TASK ITEM: Print exactly the lines that run from the opening line of the material through the line with "4006 ÇOCUK KAPŞONLU", and nothing else, leaving out pictures.

THE DATA:

^^^^

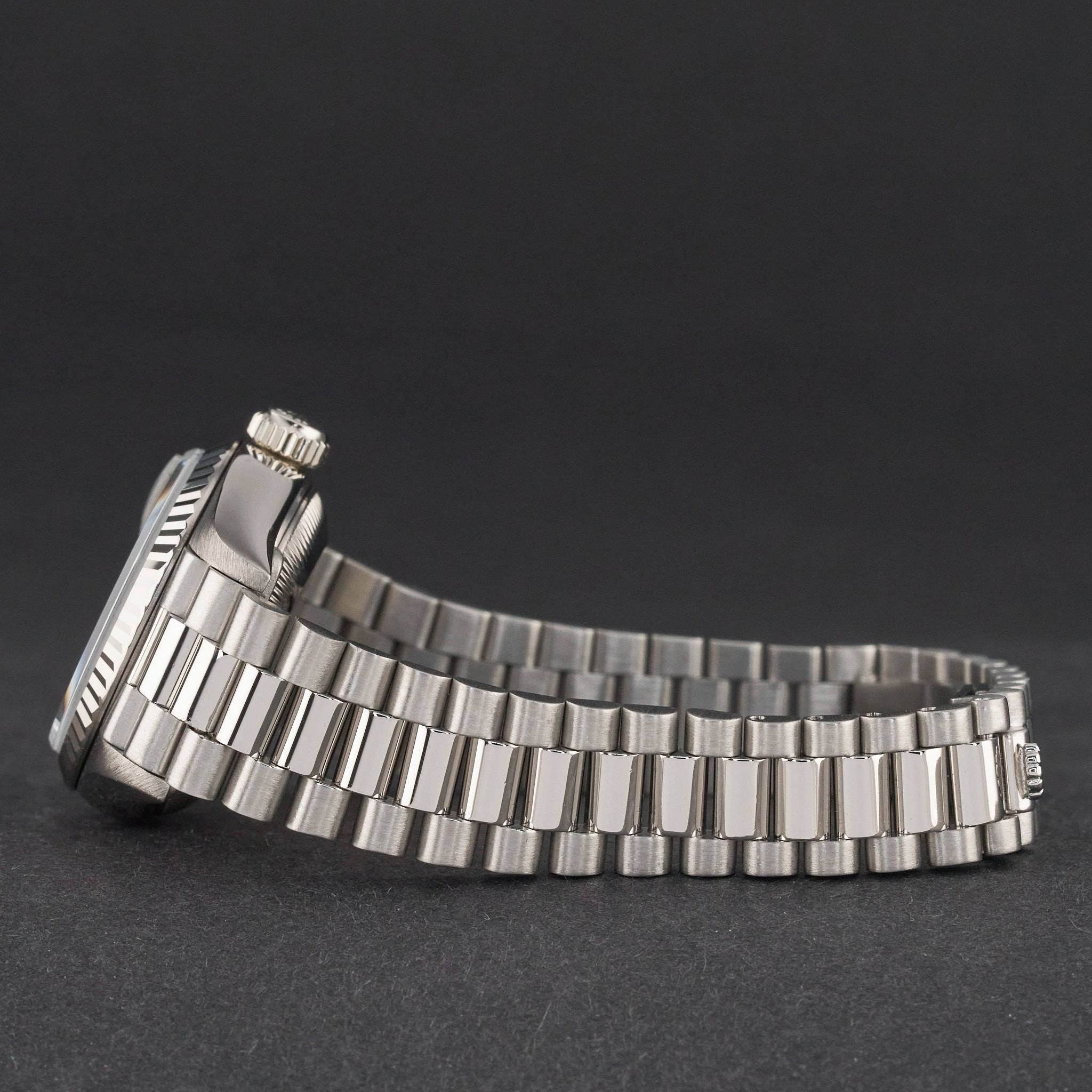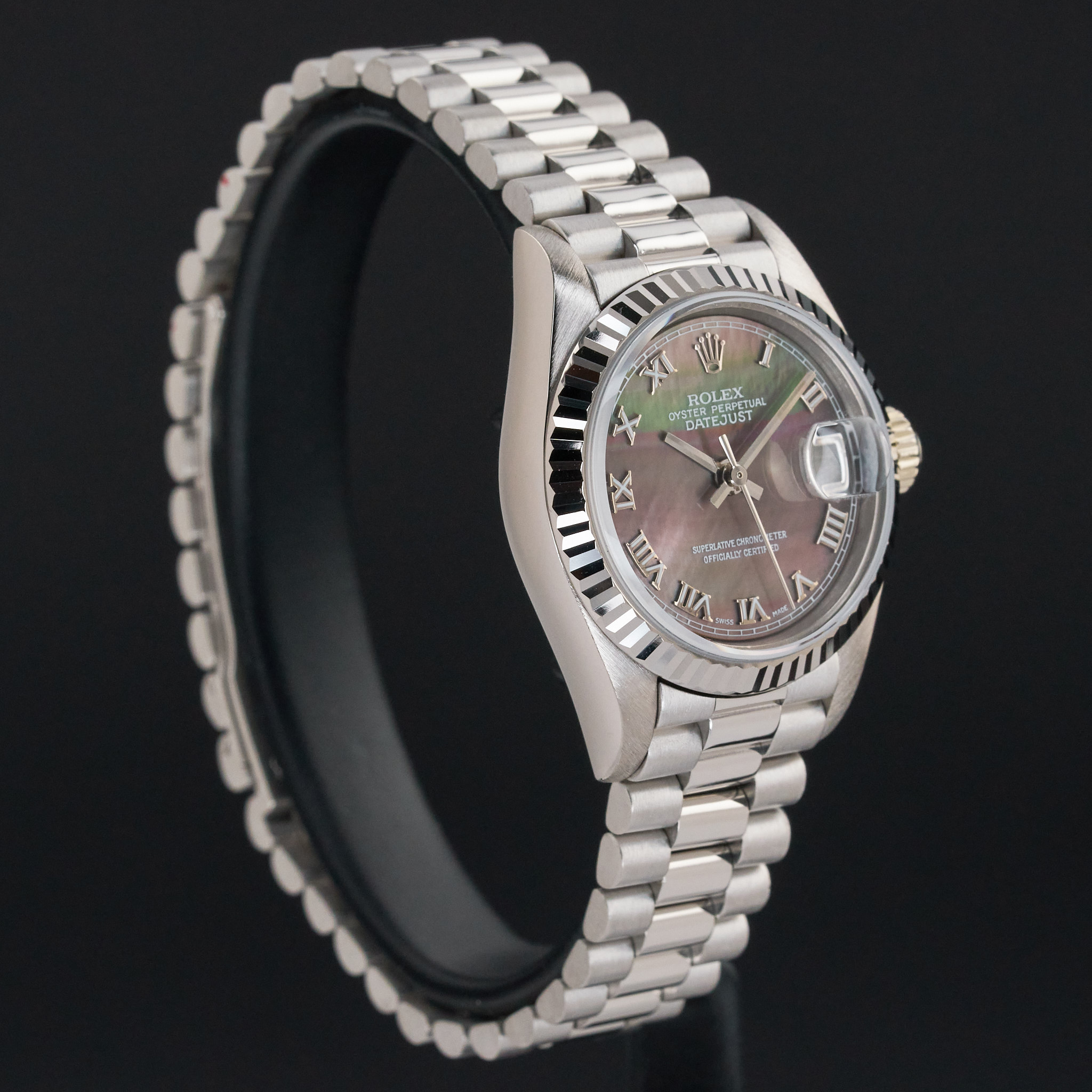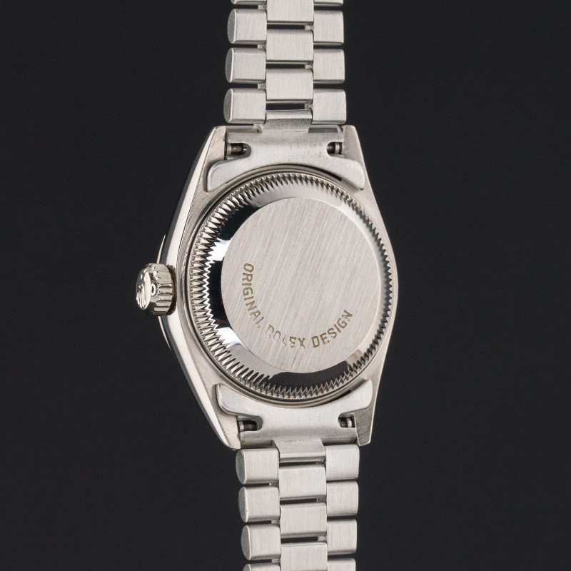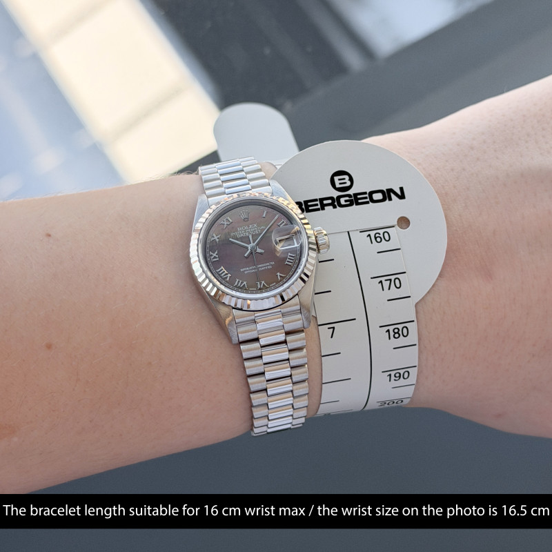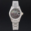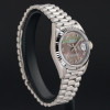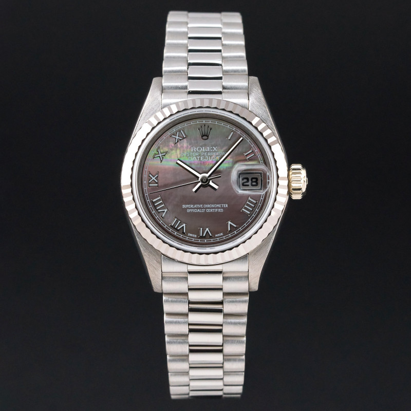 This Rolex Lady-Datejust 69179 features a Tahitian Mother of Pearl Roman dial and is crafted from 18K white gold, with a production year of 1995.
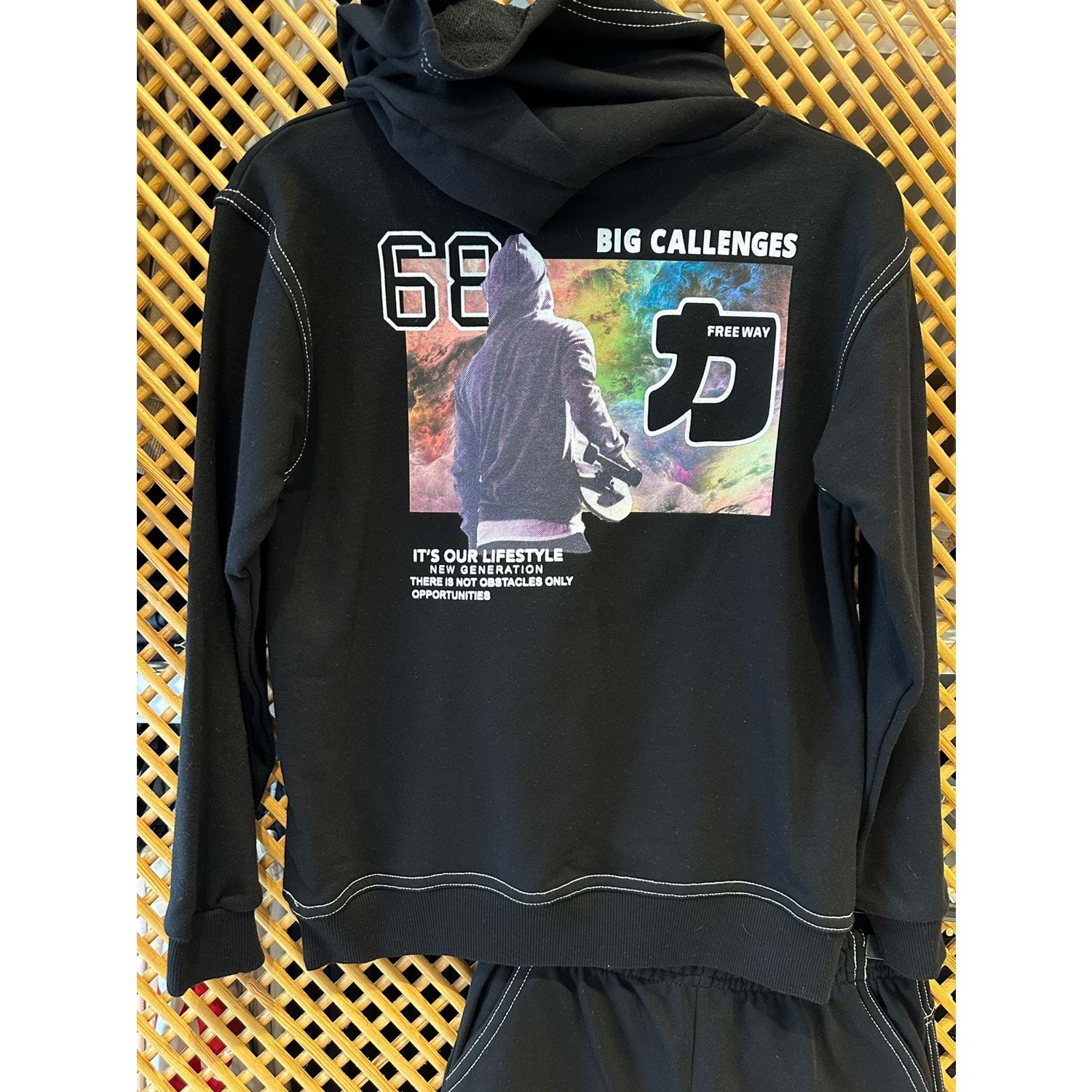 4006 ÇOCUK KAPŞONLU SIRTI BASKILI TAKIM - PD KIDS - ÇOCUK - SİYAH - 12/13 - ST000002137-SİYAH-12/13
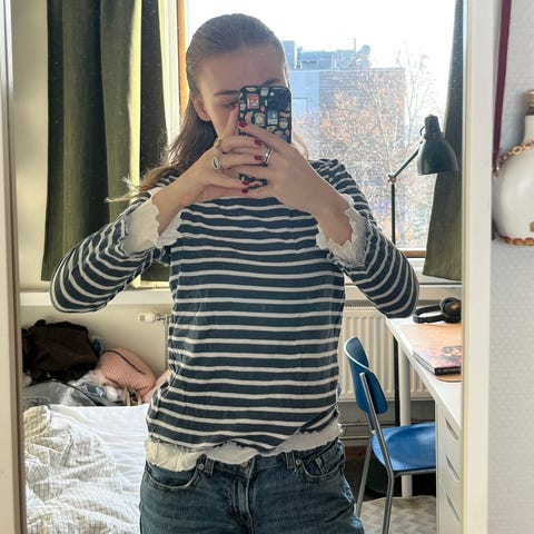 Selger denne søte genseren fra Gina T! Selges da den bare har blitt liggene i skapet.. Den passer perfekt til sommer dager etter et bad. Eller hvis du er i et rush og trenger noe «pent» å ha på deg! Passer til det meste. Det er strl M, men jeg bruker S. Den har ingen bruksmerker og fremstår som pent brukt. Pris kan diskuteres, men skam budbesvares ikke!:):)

^^^^

WRITTEN SOLUTION:
 This Rolex Lady-Datejust 69179 features a Tahitian Mother of Pearl Roman dial and is crafted from 18K white gold, with a production year of 1995.
 4006 ÇOCUK KAPŞONLU SIRTI BASKILI TAKIM - PD KIDS - ÇOCUK - SİYAH - 12/13 - ST000002137-SİYAH-12/13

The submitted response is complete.